For a long time the idea of self-driving cars was fantastical, something we’d expect to see in an episode of The Jetsons but certainly not here on our own streets. But alas, it’s 2017 and the rapid progression of technology has made self-driving cars a reality. Google and Tesla have each put self-driving cars on the roads in California, nuTonomy is testing its technology on the streets of Boston, and Michigan recently passed new legislation to make the state a haven for companies looking to pilot other self-driving technologies.
Self-driving cars are real, and they’re going to become widespread faster than most people expect. Some say that Uber will begin offering its first driverless rides just two years from now, with broad-based adoption within five years.
As driverless vehicles become common, the cost of ride-sharing will become substantially lower than the cost of car ownership. The biggest cost of an Uber ride today goes to pay the “salary” of the Uber driver; however, an autonomous car needs no driver, so the market price should be cut by more than 50%. In addition, most cars are parked 96% of the time, which is highly inefficient.
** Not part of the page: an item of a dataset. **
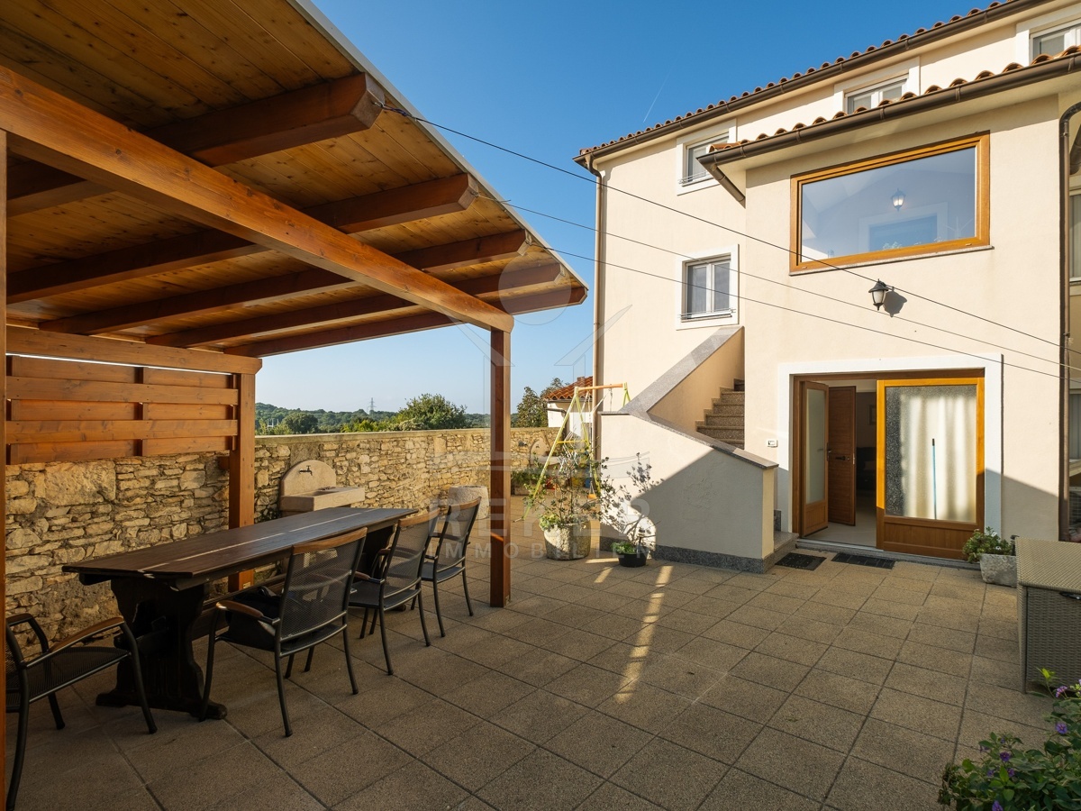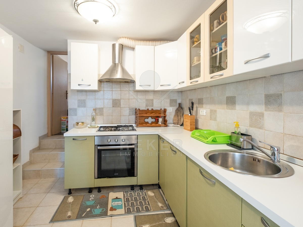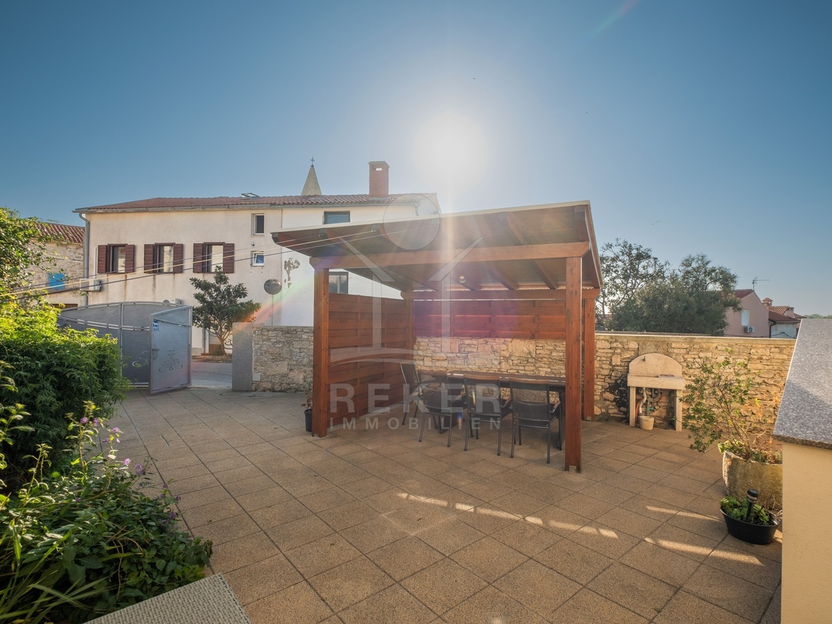 In Ližnjan, einem ruhigen Küstenort in Istrien, steht dieses renovierte Steinhaus zum Verkauf. Das Meer ist nur rund 2,3 km entfernt, der Strand Uvala Ližnjan etwa 1,5 km. Die Lage verbindet Ruhe und Nähe: Geschäfte, Schule und Kindergarten erreichen Sie bequem zu Fuß. Zwei private Stellplätze befinden sich direkt am Haus, die Zufahrt ist asphaltiert. Im Erdgeschoss führt der Wohnbereich in den rund 220 m² großen Garten mit Hof und überdachter Terrasse. Ein idealer Platz für Kinder, Haustiere und gesellige Stunden im Freien. Durch die Südausrichtung bleibt es hier den ganzen Tag hell.

Driverless cars can be on the road almost 24 hours per day, further lowering costs.
People are already driving less than they used to. According to architectural designer Jeff Speck, in the late 1970s only 8% of 19-year-olds opted out of getting drivers’ licenses, whereas today, that number has tripled to 23%.
This combination can only mean one thing: pretty soon, car ownership is going to become a thing of the past for most people. And that’s going to cause a major shakeup in the real estate industry.
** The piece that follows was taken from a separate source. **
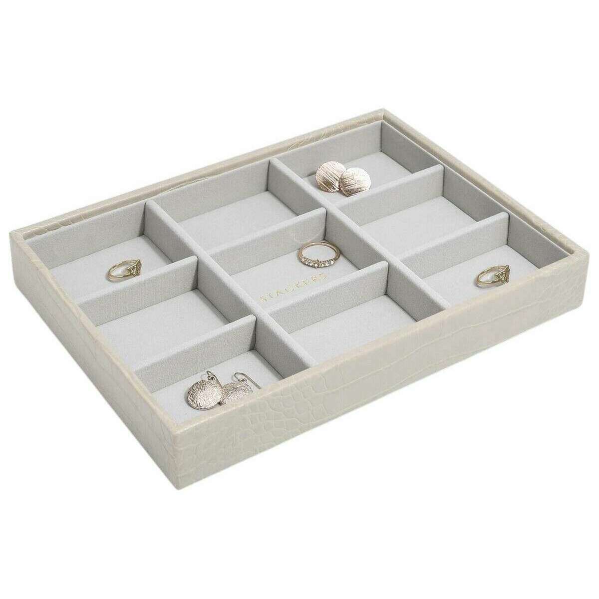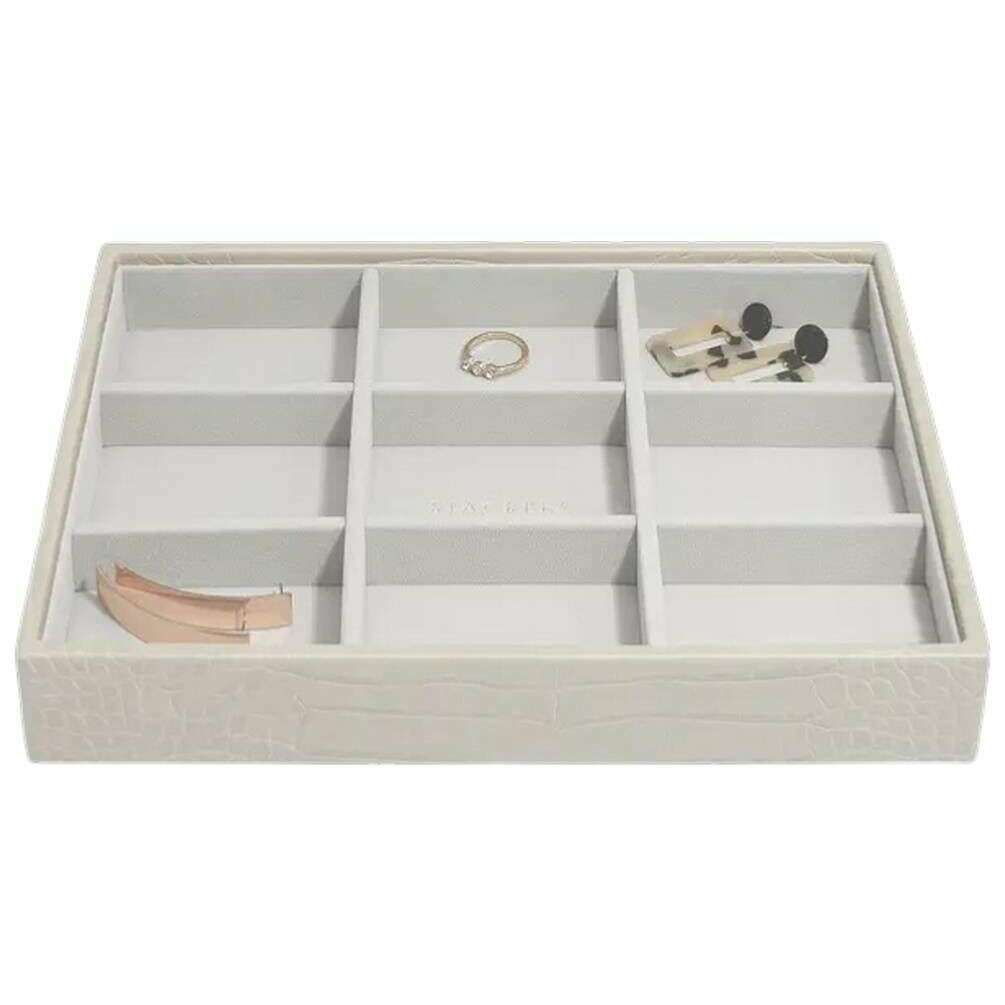 Esta capa clásica y llamativa para mujer está diseñada por la marca Stackers en color gris y está confeccionada en piel sintética y terciopelo. Mide 3,7 cm (alto) x 25 cm (ancho) x 18 cm (profundidad). Se recomienda limpiar con un paño para mantener este joyero en buenas condiciones. Todos los joyeros se entregan completos con embalaje apilador. La capa Stackers Classic Statement - Putty Grey ha sido ingeniosamente creada y diseñada para sujetar perfectamente todos tus aretes, anillos o clips para el cabello. Se puede añadir a cualquier otra bandeja de joyería clásica para crear un joyero o se puede utilizar sola. No tendrás que hacer concesiones en materia de organización.

Here are five ways we suspect self-driving cars will affect residential real estate:
- Parking lots and garages will become less necessary – if not obsolete. Parking lots and garages in apartment buildings can be converted and repurposed to make way for additional residential units and/or resident amenities, such as a fitness center, movie room or outdoor pool.
- Cities will lower their parking requirements, thereby allowing developers to increase residential density. The number of units a developer builds is often constrained by his ability to meet a city’s parking requirements. For instance, he may be required to build 1.5 parking spaces per residential unit. In land-constrained cities, there is often not enough space to build the requisite number of parking spaces so developers can’t build as many units as they’d otherwise like (or are allowed under zoning). As car ownership declines, cities will begin to lower their parking ratios. We’re already starting to see this happen in cities like San Francisco. Ultimately, lower parking ratios will make it easier for developers to build more units at any given multifamily project.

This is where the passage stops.